Open malcolmbarrett opened 5 years ago

malcolmbarrett commented 5 years ago

May need a better approach to gapminder, which will likely be one of the following:

  1. Expanding the intro to gapminder to include a short description of data packages, where built-in data sets live in R
  2. Writing gapminder to .csv and reading it in with readr for practice. Could help have a sense of what it is and where it comes from.

I'm going to check with the RStudio edu team on this to see if there is a best practice

malcolmbarrett commented 5 years ago

Jenny Bryan mentioned that gapminder actually has a built-in .tsv for exactly this purpose: https://github.com/jennybc/gapminder#plain-text-delimited-files

corinne-riddell commented 5 years ago

Maybe the gapminder intro should be part of the intro to R package? I think another confusing thing is after library(gapminder), gapminder data frame becomes available but it isn't in the environment. I would vote for loading .tsv and having them see in environment and click on it to open in the viewer pane so they become familiar with the contents.

malcolmbarrett commented 5 years ago

A few other notes: 1) Hadley said he doesn't see it as too big a deal because you can't avoid their being some mystery when working with beginners and that where the data from data packages is is not that big of one 2) Garrett suggested that we could take the load-from-file approach OR we could walk through what the deal is with built in packages. He suggested showing iris as an example of one that comes with R. Then have people try to load gapminder and see it's not there without library(gapminder). The idea is to try to build a mental model of how data can live in R. He also noted that if we really care to give them an explanation about it in detail (we probably don't), you can actually see it under the environments tab.
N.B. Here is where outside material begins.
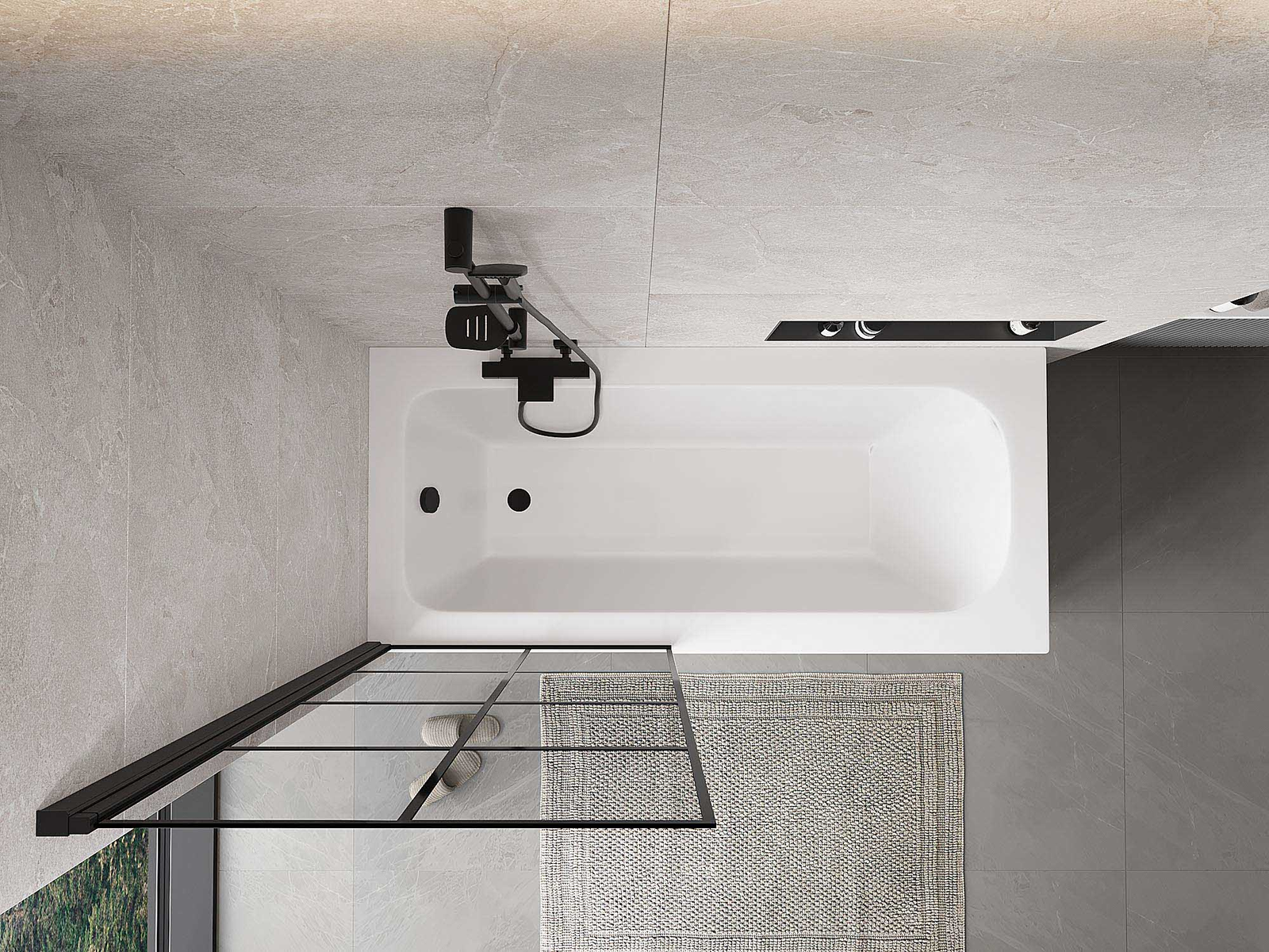 Protección efectiva contra el derrame de agua durante el baño. La mampara tiene juntas que se ajustan perfectamente a la superficie del vidrio y al borde de la bañera. Solución funcional que garantiza seguridad y facilidad de limpieza.

I would like the mental-model approach if we had more time, but we're already at capacity. To me that means revisiting the explanation slide and, if it's not feasible to capture the idea succinctly, just use it as an excuse to practice with readr.

A summary the cost-benefit of using library(gapminder) for 2020 us (hello from the past): we gain that we can dive right in to dplyr because they don't actually need to find the file and it exists as expected (no weird loading issues). The cost is that it's a murkier mental model and people may not have installed/loaded the package.

corinne-riddell commented 5 years ago

I'm still in favor of loading from .tsv (or .csv or .xlsx -- something in-line with what is common in epi), given the focus of the workshop on teaching epi folks how to load the sorts of data they'll be working with so they can manipulate and visualize it. Loading from file removes the mystery and avoids time explaining general R concepts that are less useful in the workshop.

malcolmbarrett commented 5 years ago

that's a fair perspective, and I agree that getting this mental model into people's heads is not a priority. I don't know what my opinion is yet, though. Need to think about it.